Batch Problems and Solutions (Part 1)

Batch Problems and Solutions (Part 1)Almost all modern software products consist of several services. Often, the high response time of inter-service channels becomes a source of performance problems. The standard solution to this kind of problem is to pack several interservice requests into one batch, which is called batch processing (batching).

If you are using batch processing, you may not be satisfied with the result in terms of performance or code clarity. This method is not as easy for the caller as one might think. For different purposes and in different situations, solutions can vary greatly. With specific examples, I will show the pros and cons of several approaches.

Demo project

For clarity, let's look at an example of one of the services in the application that I'm currently working on.

Explanation of platform selection for examplesThe problem of poor performance is quite general and does not apply to any specific languages ​​and platforms. This article will use Spring + Kotlin code examples to demonstrate tasks and solutions.

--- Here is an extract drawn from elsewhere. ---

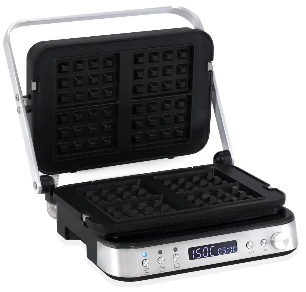 | Дополнительная информация | размер рабочей поверхности: 320x225 мм; дисплей: цифровой LED; раздельный нагрев рабочих поверхностей; материал рабочих поверхностей: алюминий; двухсторонняя панель: верхняя и нижняя; комбинированная панель: 2; каналы для стекания жира в поддон; съемные панели для вафель: 2; индикация включения; индикатор текущей температуры; индикатор времени приготовления; материал корпуса: нержавеющая сталь; длина сетевого шнура: 1 м; автоматическое переключение напряжения |

Kotlin is equally understandable (or incomprehensible) to Java and C# developers, in addition, the code is more compact and understandable than in Java. To make it easier for pure Java developers to understand, I will avoid the black magic of Kotlin and use only white magic (in the spirit of Lombok). There won't be many extension methods, but they're actually familiar to all Java programmers as static methods, so it's a bit of sugar that doesn't ruin the taste of the dish.
There is a document approval service. Someone creates a document and submits it for discussion, during which changes are made, and eventually the document is agreed. The approval service itself does not know anything about documents: it is just a chat of approvers with small additional functions that we will not consider here.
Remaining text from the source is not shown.